15-minute parallel artifact GNU Parallel Getting Started Guide

15-minute parallel artifact GNU Parallel Getting Started Guide

GNU Parallel is a shell tool for executing computational tasks in parallel on one or more computers. This article briefly introduces the use of GNU Parallel.

This cpu is multi-core.

Generally, two cores work like this:

This is how quad cores work:

Here is how the 16 cores work:

Okay, it’s not dark anymore. If you continue to criticize Intel, I will be beaten.

One weekend morning when I was bored, I spent half a day going through the man page and tutorial of gnu parallel. Haha, I have to say that this half day is well worth spending, because I feel it can save me more than half a day in the future.

This article does not attempt to translate the gnu parallel man page or tutorial. Because there are ready-made translations, you can see them here or here.

But after seeing the weird ::: and the strange {}{#}{.}{\} placeholders in parallel a few times ago, I backed off. Such ugly syntax is unattractive. Fortunately, I looked at a few examples to calm myself down, and then tried it myself, and found that it was really a magical tool.

The main purpose of this article is to lure you into using this tool and tell you why and how to use it.

why

There is only one purpose for using gnu parallel, and that is to be fast!

Fast installation

(wget -O - pi.dk/3 || curl pi.dk/3/) | bash

The author said it takes 10 seconds to install. The actual situation in the country may not be enough. But it doesn’t take too long. In fact, it is a single-file Perl script with more than 10,000 lines (yes, you read that right, all modules are in this file, this is a feature~). After that, I wrote fabric scripts and copied them directly to each node machine. Then chmod the execution permission.
Then there is fast execution, which will execute your program in parallel using multiple cores of the system:
Above:

grep a 1G log.

Using parallel, and directly grep without parallel. The result is obvious, a difference of 20 times. This is much more effective than using ack or ag optimization.

Note: This is the result of executing on a 48-core server.

how

The easiest way is to use xargs. There is a parameter -P in xargs that can take advantage of multiple cores.

For example:

$ time echo {1..5} |xargs -n 1 sleep

real 0m15.005s
user 0m0.000s
sys 0m0.000s

This line of xargs passes each echo number as a parameter to sleep, so the total sleep time is 1+2+3+4+5=15 seconds.

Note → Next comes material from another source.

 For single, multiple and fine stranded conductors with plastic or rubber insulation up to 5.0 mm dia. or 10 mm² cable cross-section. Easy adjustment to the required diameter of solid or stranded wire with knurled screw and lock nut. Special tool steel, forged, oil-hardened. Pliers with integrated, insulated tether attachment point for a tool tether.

If the -P parameter is used to allocate the data to 5 cores, each core will sleep for 1, 2, 3, 4, and 5 seconds, so the total sleep time after execution is 5 seconds.

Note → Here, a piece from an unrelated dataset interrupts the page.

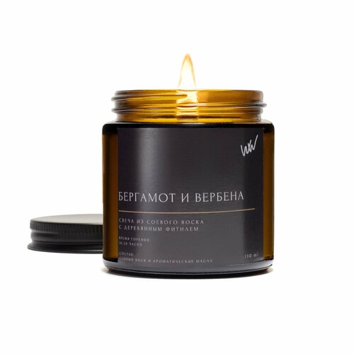 Свеча ароматическая WHALEWAY "Бергамот и вербена", соевый воск/деревянный фитиль, 110 ml

$ time echo {1..5} |xargs -n 1 -P 5 sleep

real 0m5.003s
user 0m0.000s
sys 0m0.000s

The preparation is over. Generally, the first mode of parallel is to replace xargs -P.

For example, compress all HTML files.

find . -name '*.html' | parallel gzip --best

Parameter transfer mode

The first mode is to use parallel parameter passing. The commands coming in from the front of the pipeline are passed as parameters to the commands that follow and are executed in parallel.

for example

huang$ seq 5 | parallel echo pre_placeholder_{}
pre_placehoder_1
pre_placehoder_2
pre_placehoder_3
pre_placehoder_4
pre_placehoder_5

{} is a placeholder used to hold the incoming parameters.

In cloud computing operations, batch operations are often performed, such as creating 10 cloud hard disks.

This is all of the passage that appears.